The transaction includes all of SEB’s 173 retail branches in Germany, which have about one million customers and about 2,000 employees.
SEB said the deal would allow it to focus on its merchant banking and wealth management divisions.
“The sale of our German banking business will free up capital that will be reinvested in SEB’s core strategic growth areas,” SEB chief executive Annika Falkengren said in a statement.
SEB said the price of €555 million was at a premium to allocated equity of €420 million. It added transaction costs were estimated at €375 million.
The bank had announced in May it was selling its German retail business because of unsatisfactory profitability. Santander and Italy’s Unicredit had reportedly submitted offers, and a deal was expected for the end of July.
Evli Bank analyst Kimmo Rama said the sale was a “positive deal for SEB.”
“SEB is more focused on corporate banking in Germany, and the retail branch has been loss making for some time. In the low margin German retail sector, economy of scale is necessary and thus Santander is a good fit,” he told Dow Jones Newswires.

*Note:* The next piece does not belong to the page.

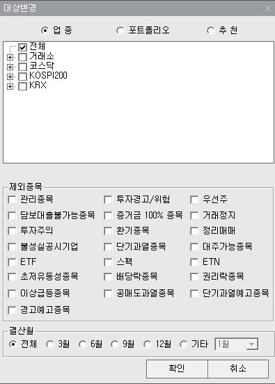 보통 범위지정은 주가범위를 많이 포함시키고 있으며,대상변경에서는 제외종목 항목에 내 스타일에 맞지 않는것을 제외시키는것이 좋습니다.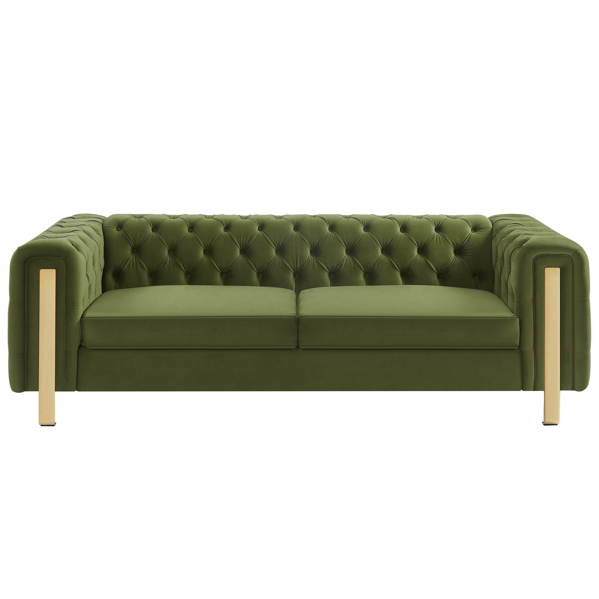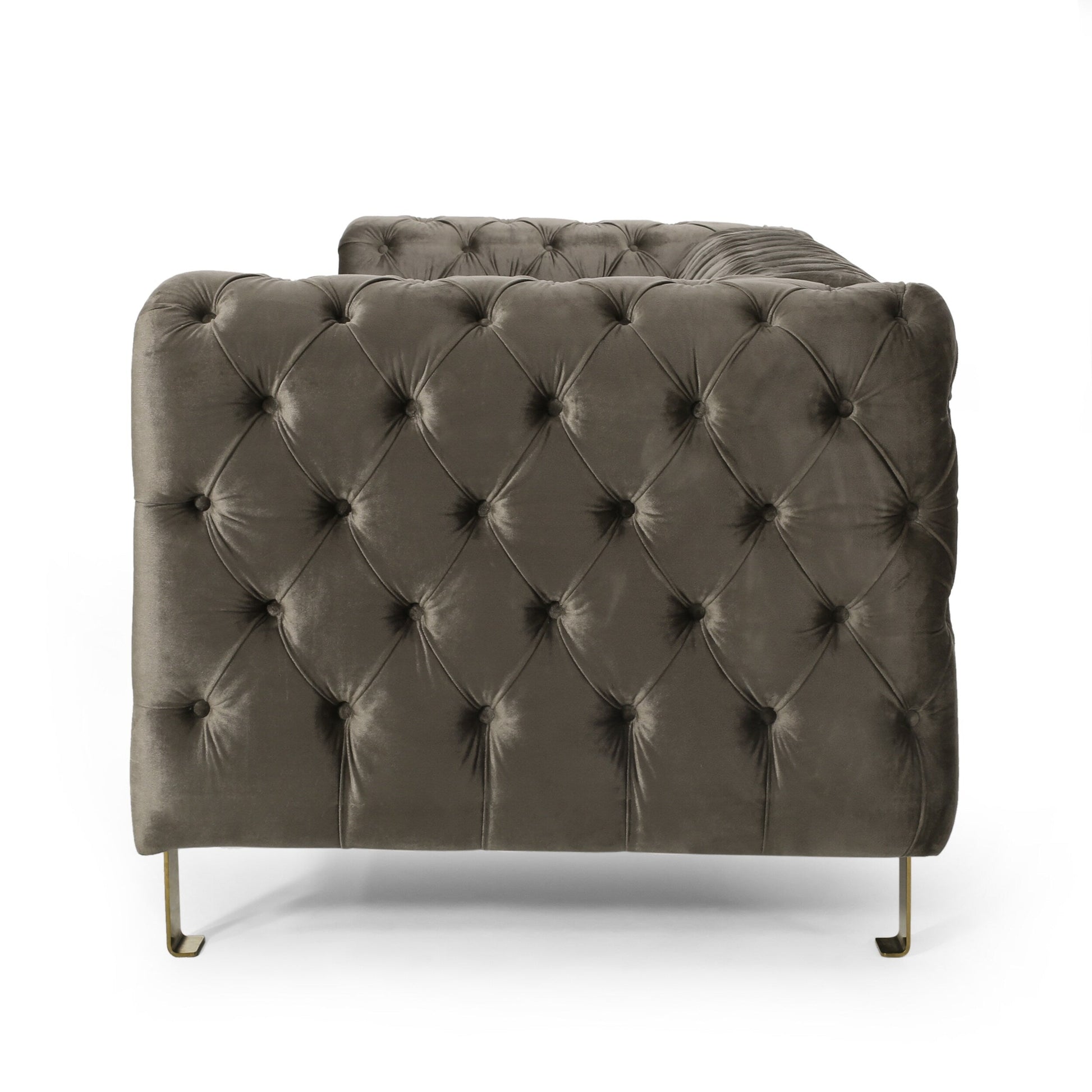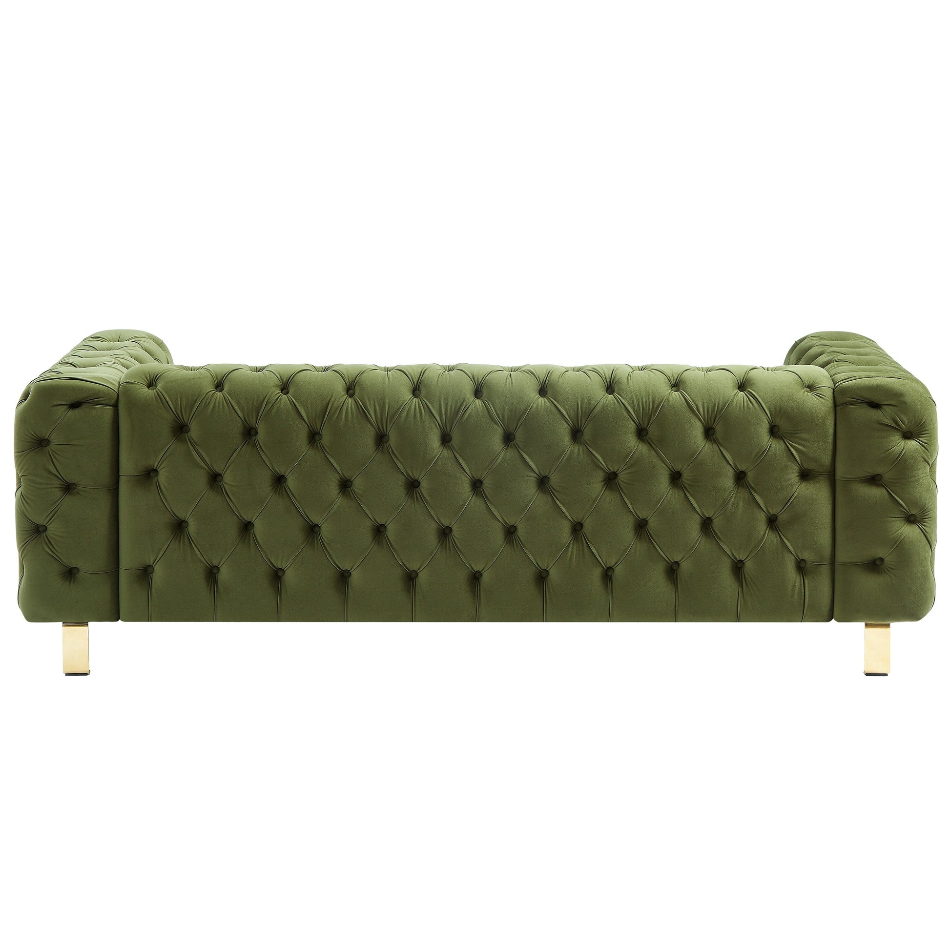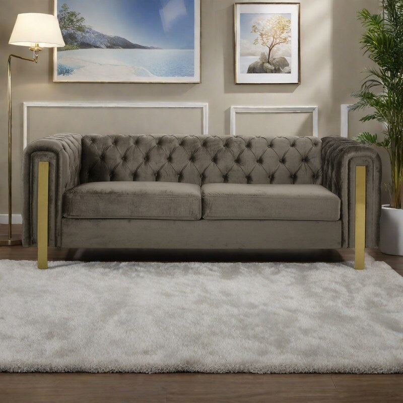 Canapé 3 places en velours 83,75 $ avec surpiqûres en losanges capitonnées, touches dorées et pieds en fer

SEB is Sweden’s third-biggest bank in terms of market capitalisation and employs about 21,000 people worldwide.
SEB acquired its German retail banking business in 2000 and had planned to sell it in 2008, but the transaction was suspended because of the global financial crisis.
In early trade on Monday, SEB’s shares were down 0.72 percent to 45.60 kroner on a Stockholm Stock Exchange down 0.43 percent.